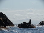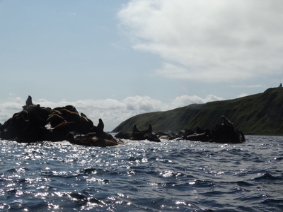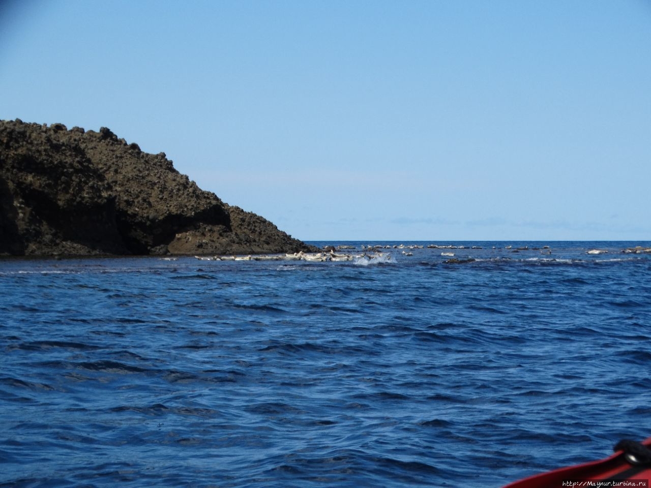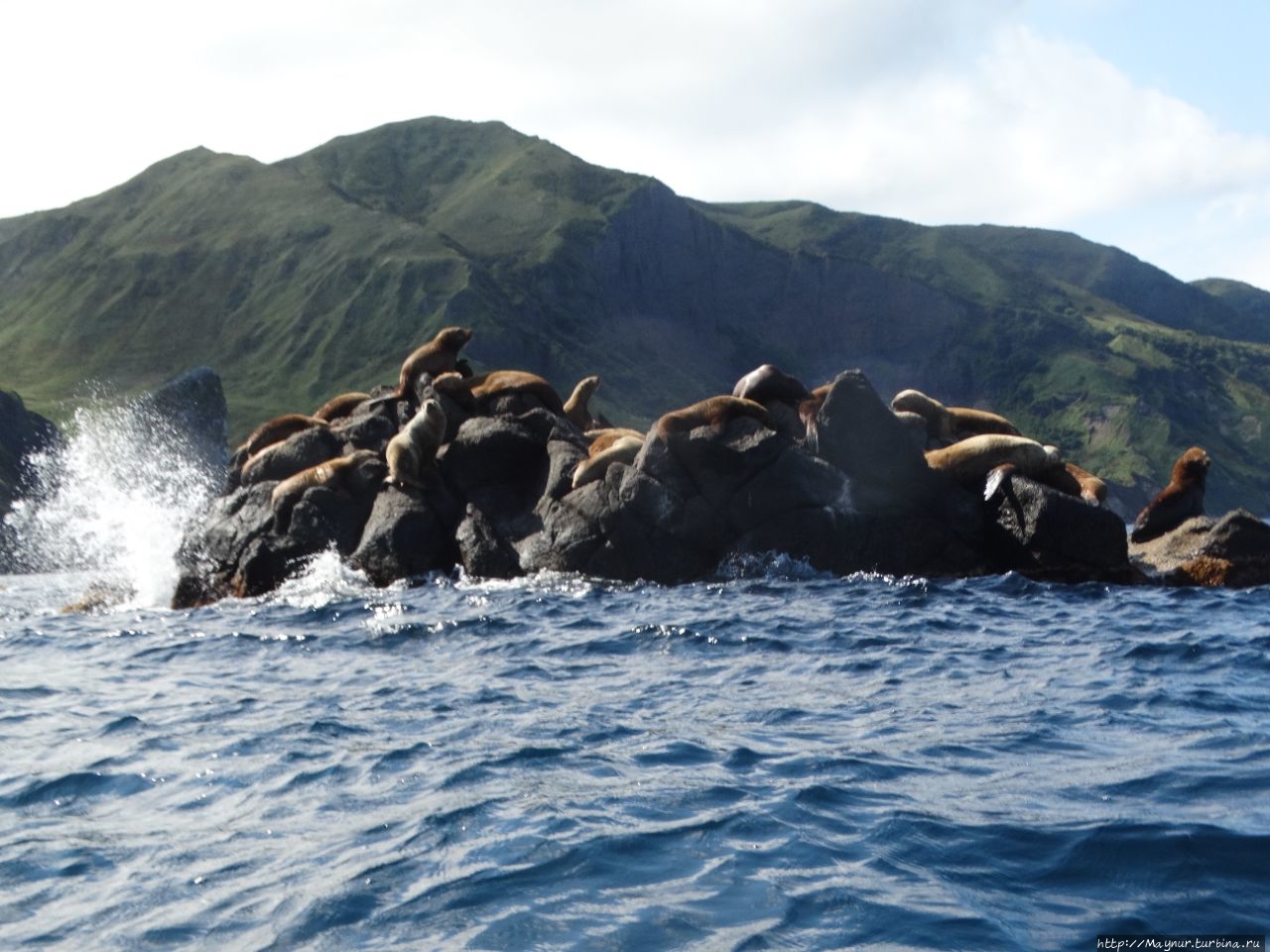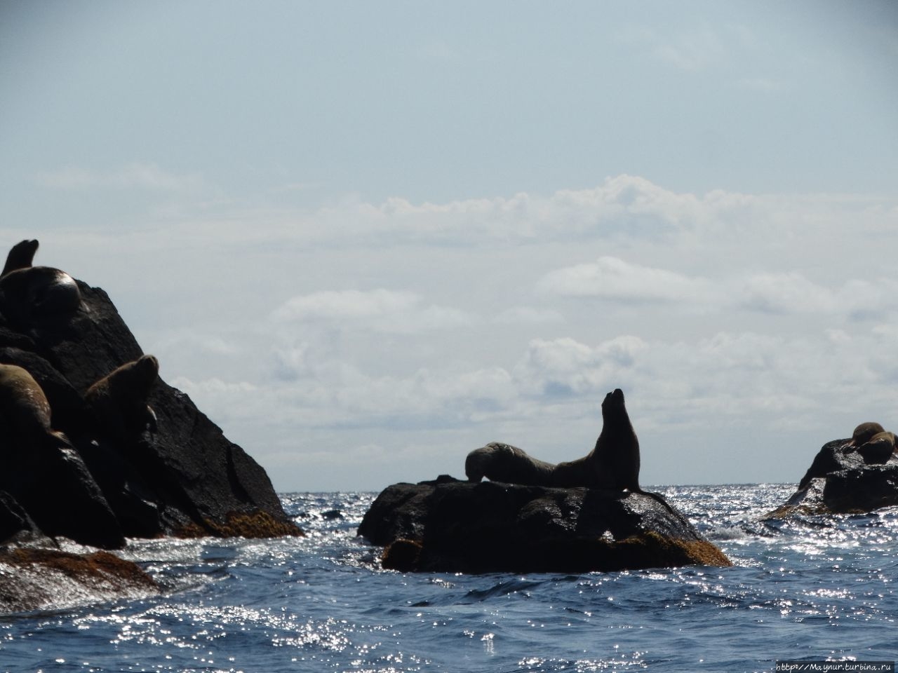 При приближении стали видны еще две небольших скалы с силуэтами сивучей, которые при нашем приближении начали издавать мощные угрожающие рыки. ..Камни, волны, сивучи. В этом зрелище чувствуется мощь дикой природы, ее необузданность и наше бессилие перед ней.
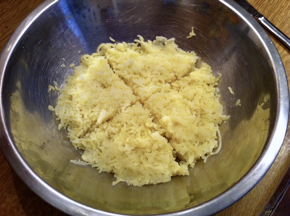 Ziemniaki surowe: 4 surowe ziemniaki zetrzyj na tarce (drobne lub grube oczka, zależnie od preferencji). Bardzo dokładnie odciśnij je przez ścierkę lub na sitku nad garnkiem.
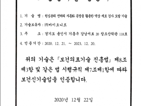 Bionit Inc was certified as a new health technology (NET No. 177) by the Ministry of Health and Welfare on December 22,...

....

▶ To do
Word for word, copy every line of the data, excluding any pictures.

▶ Answer space
 При приближении стали видны еще две небольших скалы с силуэтами сивучей, которые при нашем приближении начали издавать мощные угрожающие рыки. ..Камни, волны, сивучи. В этом зрелище чувствуется мощь дикой природы, ее необузданность и наше бессилие перед ней.
 Ziemniaki surowe: 4 surowe ziemniaki zetrzyj na tarce (drobne lub grube oczka, zależnie od preferencji). Bardzo dokładnie odciśnij je przez ścierkę lub na sitku nad garnkiem.
 Bionit Inc was certified as a new health technology (NET No. 177) by the Ministry of Health and Welfare on December 22,...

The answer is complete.